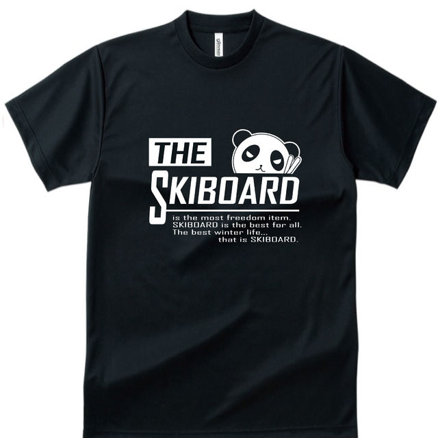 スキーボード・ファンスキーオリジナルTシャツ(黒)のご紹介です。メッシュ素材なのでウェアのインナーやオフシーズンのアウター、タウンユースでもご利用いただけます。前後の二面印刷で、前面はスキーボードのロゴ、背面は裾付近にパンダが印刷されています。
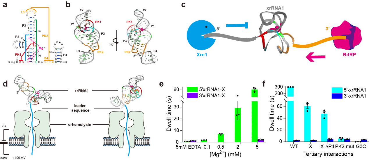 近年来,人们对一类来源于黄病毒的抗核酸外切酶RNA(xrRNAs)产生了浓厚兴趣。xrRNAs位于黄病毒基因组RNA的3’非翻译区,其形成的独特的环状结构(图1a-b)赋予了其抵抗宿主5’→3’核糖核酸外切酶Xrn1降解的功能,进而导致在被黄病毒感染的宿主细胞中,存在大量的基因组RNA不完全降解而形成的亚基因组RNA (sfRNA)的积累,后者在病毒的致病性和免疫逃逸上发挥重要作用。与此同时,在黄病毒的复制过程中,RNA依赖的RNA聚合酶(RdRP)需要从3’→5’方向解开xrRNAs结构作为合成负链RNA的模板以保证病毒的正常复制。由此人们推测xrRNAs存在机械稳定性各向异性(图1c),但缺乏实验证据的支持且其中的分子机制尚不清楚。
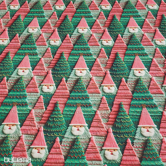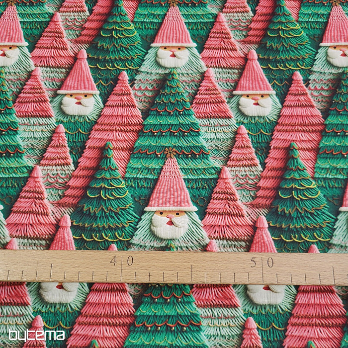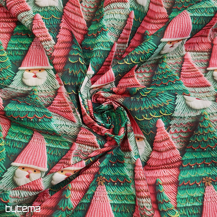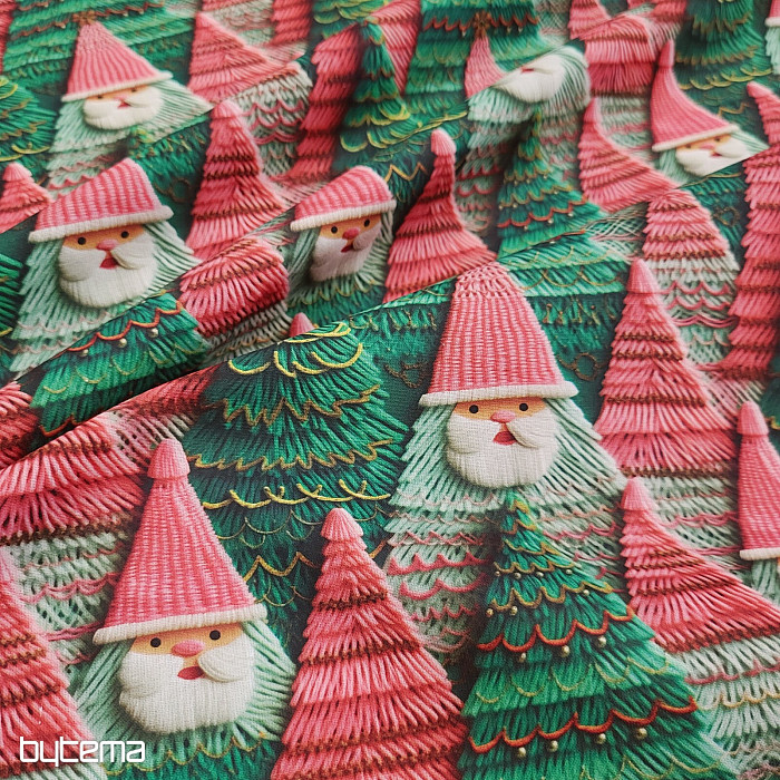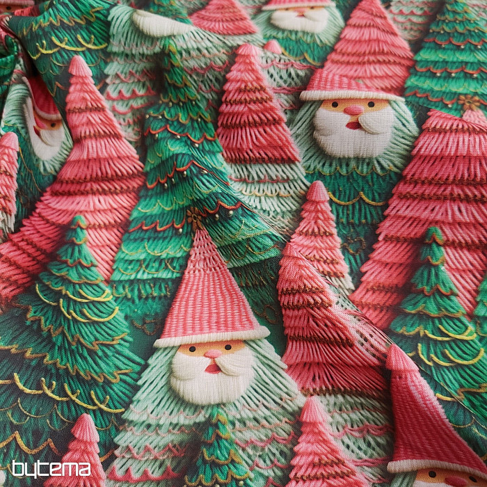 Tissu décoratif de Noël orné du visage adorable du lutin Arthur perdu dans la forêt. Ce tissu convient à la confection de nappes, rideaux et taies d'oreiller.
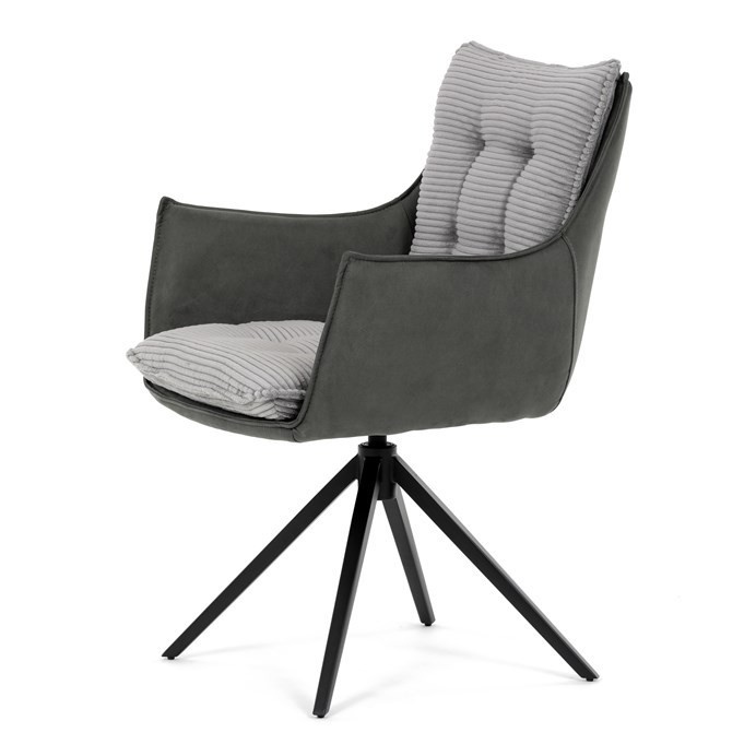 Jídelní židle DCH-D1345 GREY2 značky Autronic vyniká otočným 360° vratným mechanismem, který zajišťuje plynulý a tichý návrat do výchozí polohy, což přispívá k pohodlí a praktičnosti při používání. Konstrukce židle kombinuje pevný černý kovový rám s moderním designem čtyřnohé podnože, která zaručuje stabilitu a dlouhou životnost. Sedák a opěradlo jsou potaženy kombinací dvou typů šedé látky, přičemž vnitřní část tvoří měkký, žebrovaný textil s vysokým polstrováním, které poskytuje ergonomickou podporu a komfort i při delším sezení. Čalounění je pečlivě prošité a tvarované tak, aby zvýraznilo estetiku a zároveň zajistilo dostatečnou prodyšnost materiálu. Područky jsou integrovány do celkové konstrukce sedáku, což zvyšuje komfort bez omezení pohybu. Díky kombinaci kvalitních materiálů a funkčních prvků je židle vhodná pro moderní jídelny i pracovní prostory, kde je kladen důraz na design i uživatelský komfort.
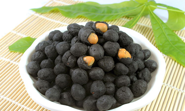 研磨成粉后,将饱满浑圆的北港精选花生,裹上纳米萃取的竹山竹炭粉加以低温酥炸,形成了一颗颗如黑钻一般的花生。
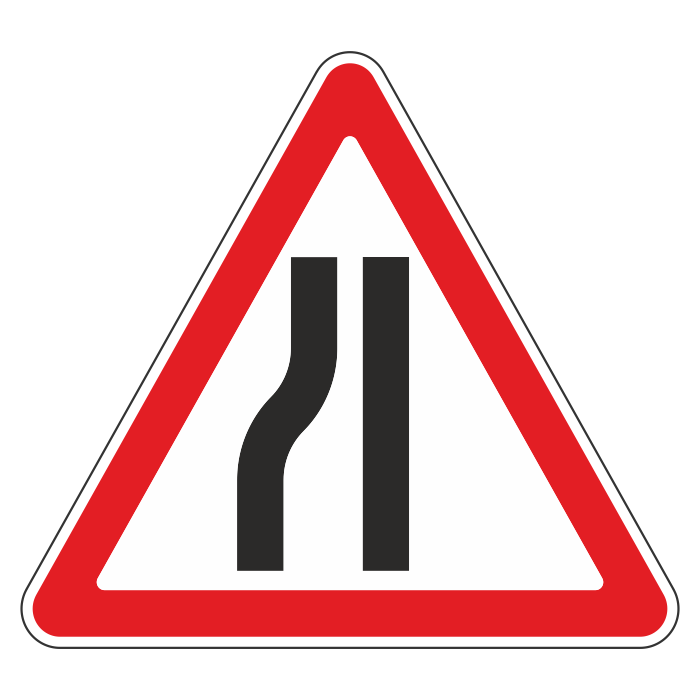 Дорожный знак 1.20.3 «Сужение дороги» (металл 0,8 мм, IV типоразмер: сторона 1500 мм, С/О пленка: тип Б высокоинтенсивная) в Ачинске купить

# # #

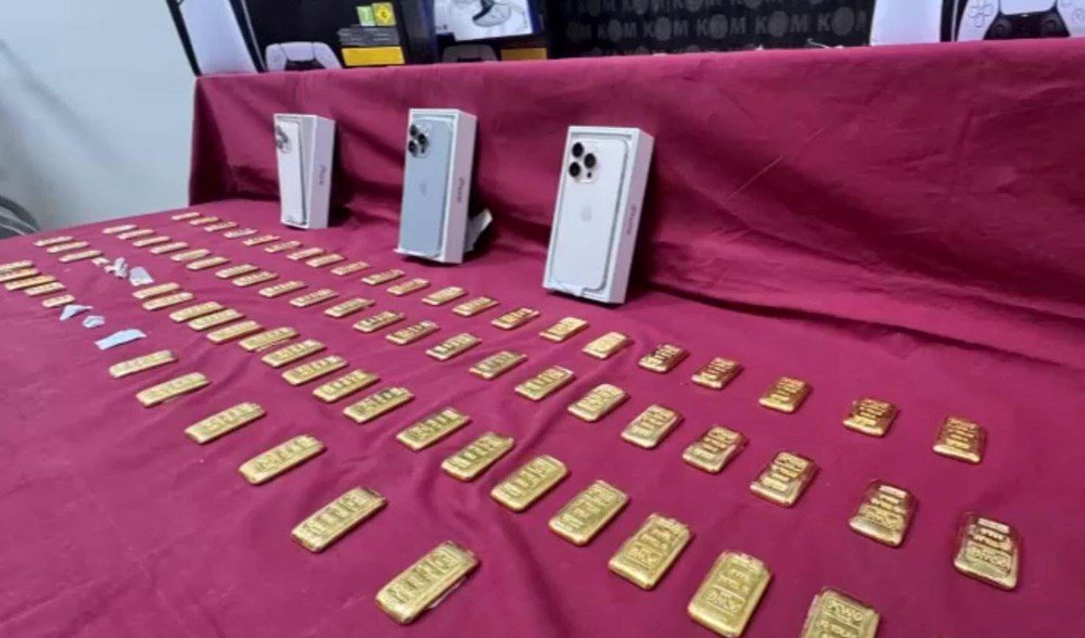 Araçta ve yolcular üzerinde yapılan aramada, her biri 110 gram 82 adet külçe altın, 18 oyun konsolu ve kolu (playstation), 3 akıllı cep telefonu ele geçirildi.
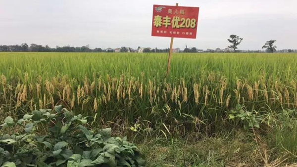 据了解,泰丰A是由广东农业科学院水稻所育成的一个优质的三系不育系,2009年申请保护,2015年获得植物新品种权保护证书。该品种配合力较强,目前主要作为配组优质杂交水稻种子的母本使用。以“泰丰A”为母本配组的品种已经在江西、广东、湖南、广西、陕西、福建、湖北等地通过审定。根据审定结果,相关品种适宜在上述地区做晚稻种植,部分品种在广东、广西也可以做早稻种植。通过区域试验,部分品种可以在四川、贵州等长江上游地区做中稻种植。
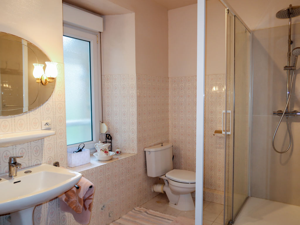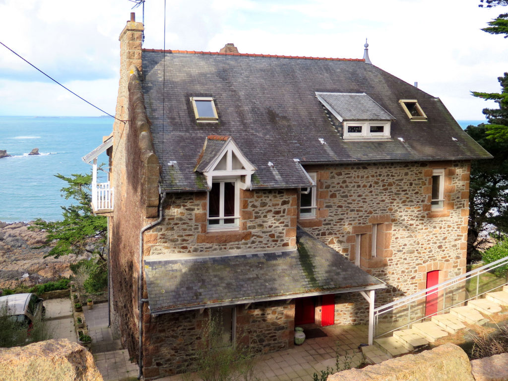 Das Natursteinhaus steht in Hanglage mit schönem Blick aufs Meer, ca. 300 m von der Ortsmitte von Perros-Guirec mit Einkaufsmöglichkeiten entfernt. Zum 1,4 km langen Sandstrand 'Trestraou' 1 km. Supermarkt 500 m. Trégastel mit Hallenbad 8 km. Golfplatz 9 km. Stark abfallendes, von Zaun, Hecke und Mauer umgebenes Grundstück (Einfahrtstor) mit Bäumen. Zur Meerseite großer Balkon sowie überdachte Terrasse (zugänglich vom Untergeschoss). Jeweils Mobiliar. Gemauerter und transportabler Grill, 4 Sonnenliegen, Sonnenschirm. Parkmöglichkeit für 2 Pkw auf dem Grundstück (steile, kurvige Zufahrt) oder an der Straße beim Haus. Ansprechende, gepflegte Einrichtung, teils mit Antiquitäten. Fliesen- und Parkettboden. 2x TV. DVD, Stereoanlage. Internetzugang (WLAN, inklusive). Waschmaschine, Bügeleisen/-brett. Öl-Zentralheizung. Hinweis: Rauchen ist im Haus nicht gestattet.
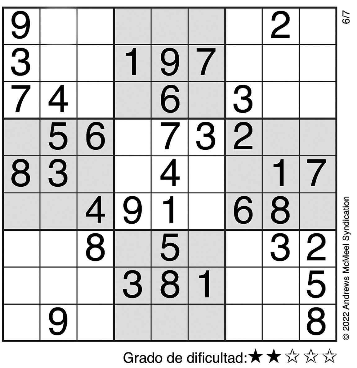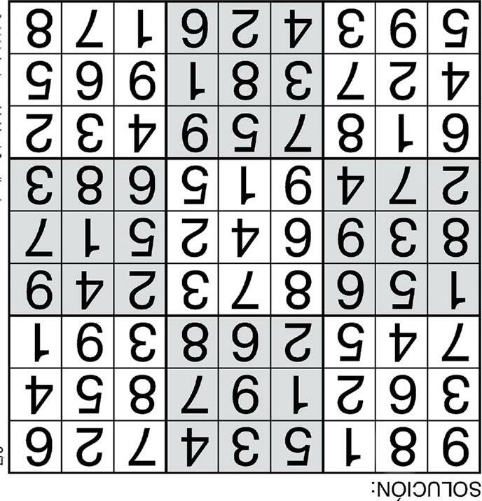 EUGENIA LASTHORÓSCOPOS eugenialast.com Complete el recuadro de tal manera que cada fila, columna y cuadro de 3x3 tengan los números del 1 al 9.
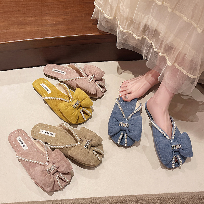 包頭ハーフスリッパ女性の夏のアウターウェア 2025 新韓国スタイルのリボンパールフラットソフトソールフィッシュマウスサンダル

# # #

Here the job is to copy the stretch of records from the line containing "EUGENIA LASTHORÓSCOPOS eugenialast.com" through the line containing "包頭ハーフスリッパ女性の夏のアウターウェア 2025 新韓国スタイルのリボンパールフラットソフトソールフィッシュマウスサンダル", word for word. Leave every picture out.

 EUGENIA LASTHORÓSCOPOS eugenialast.com Complete el recuadro de tal manera que cada fila, columna y cuadro de 3x3 tengan los números del 1 al 9.
 包頭ハーフスリッパ女性の夏のアウターウェア 2025 新韓国スタイルのリボンパールフラットソフトソールフィッシュマウスサンダル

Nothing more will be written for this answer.